# New arbor for Jacobs drill chuck



## Ischgl99 (Sep 6, 2021)

I got a Jacobs 1B drill chuck (0-1/4") with my mill when I bought it, but didn't have a key that small to use it, so it sat on the shelf for years.  I finally got tired of using the bigger chuck and got around to getting a key and decided to replace the sloppy arbor the previous owner made with something that fit better.  

The first photo shows what was on there, a threaded stud with a straight section and an aluminum sleeve.  The sleeve threaded into the stud and was supposed to register on the smooth section of the stud, but the gap was so big, I couldn't imagine it did any good.  I never tested it, but probably should have to see how bad it was.


I decided to machine an arbor with the 5/16-24 threads and a 1/2" section to mount in the collet.  The back side of the drill chuck has a recess at about the major diameter of the threads, so I machined a register there, the thread groove, and the 5/16-24 threads.  If I was smart, I would have taken some photos while I was machining it, but didn't think of that until I was done.

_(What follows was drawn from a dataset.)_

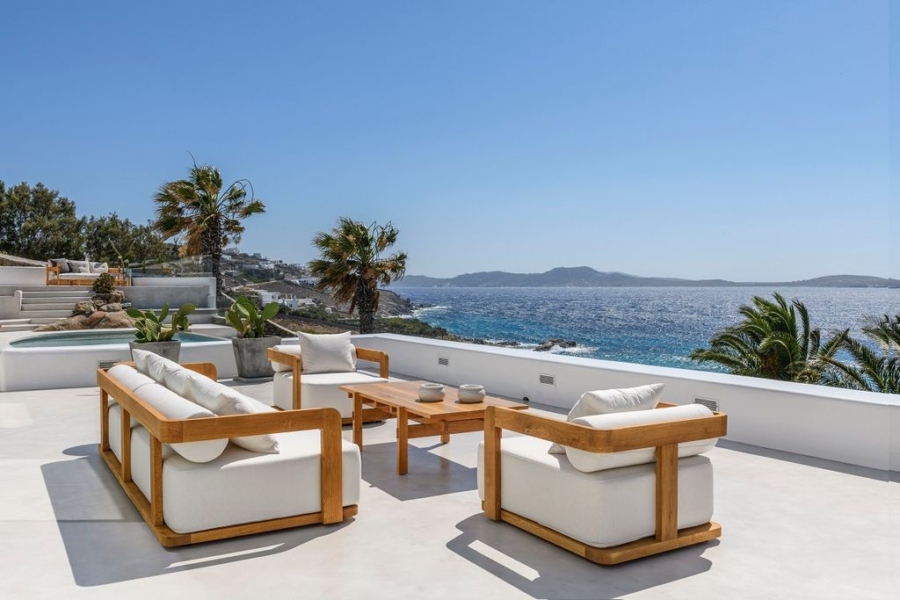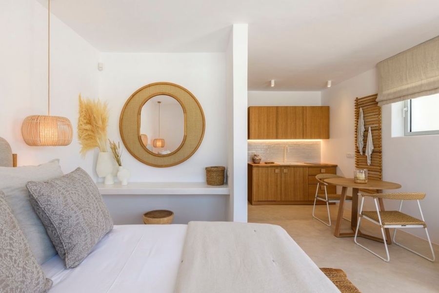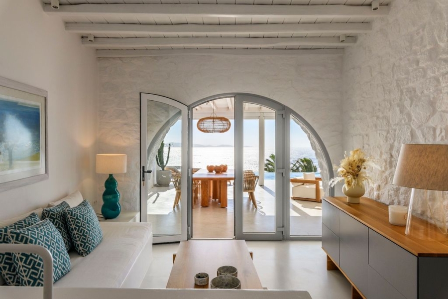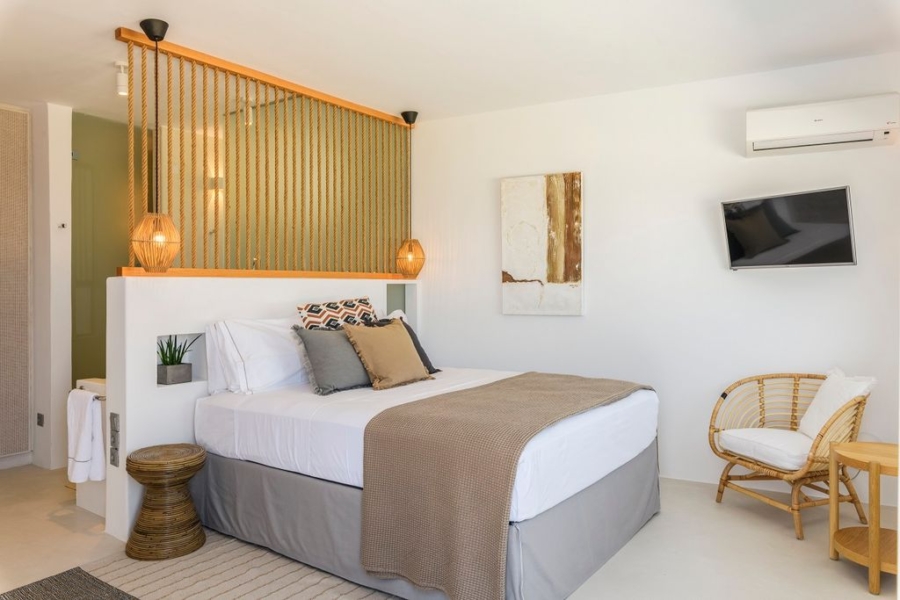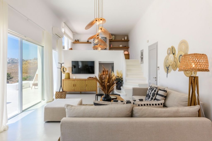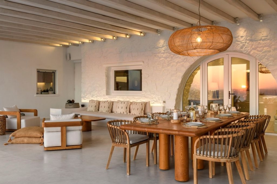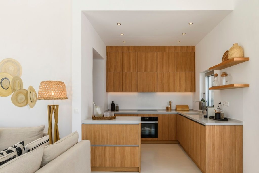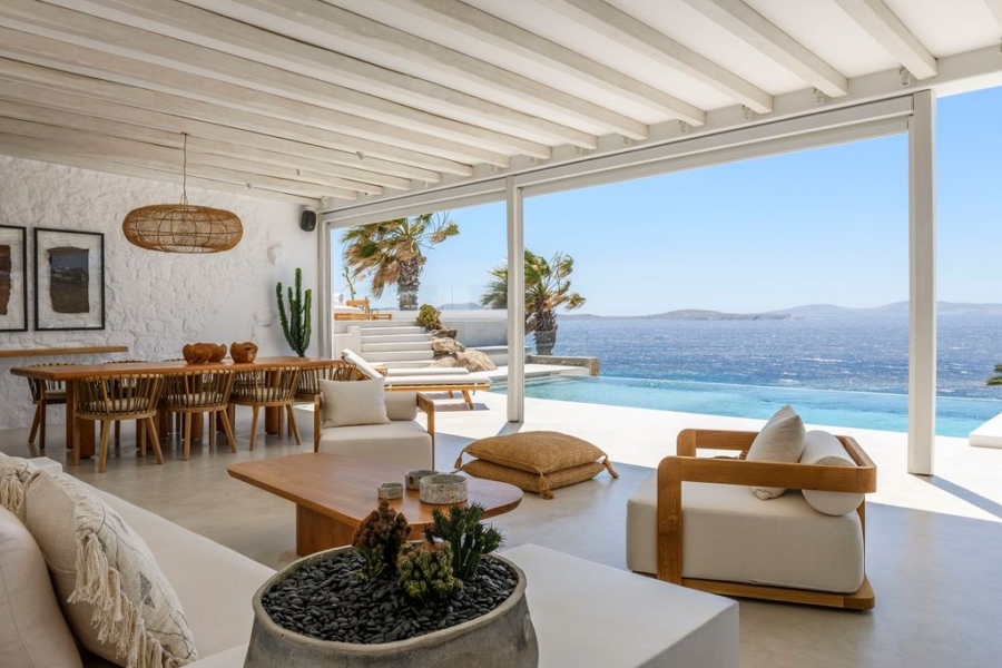 At the main building the indoor area is covered from a living room with access to a private terrace , access to the pool area, a dining area, a fully equipped open plan kitchen, a single bedroom with wide window / terrace – sea view.

The picture shows some sanding marks, but you can't really see it in person.  I installed this new arbor and checked the runout using a spotting drill that I assumed was fairly round and came up with 0.0027", better than I expected!  The back of the chuck was a bit rough and I probably should take a clean up cut on it, but I'm afraid I might screw something up and make the runout worse, so for now I am going to leave it.  Below is the final assembly.


----------



## MrWhoopee (Sep 6, 2021)

I had a similar chuck that I salvaged off an electric drill. I put a 3/8" shank on it and made a 1/2" OD sleeve for the shank. Makes a nice sensitive drill chuck.


----------



## Ischgl99 (Sep 7, 2021)

I was thinking of going with 3/8”, but used 1/2” since I assumed I would be using the drill after using the edge finder that is 1/2”.  Time will tell if a smaller shank and a sleeve would be better, but it’s easy enough to make another one if so.


----------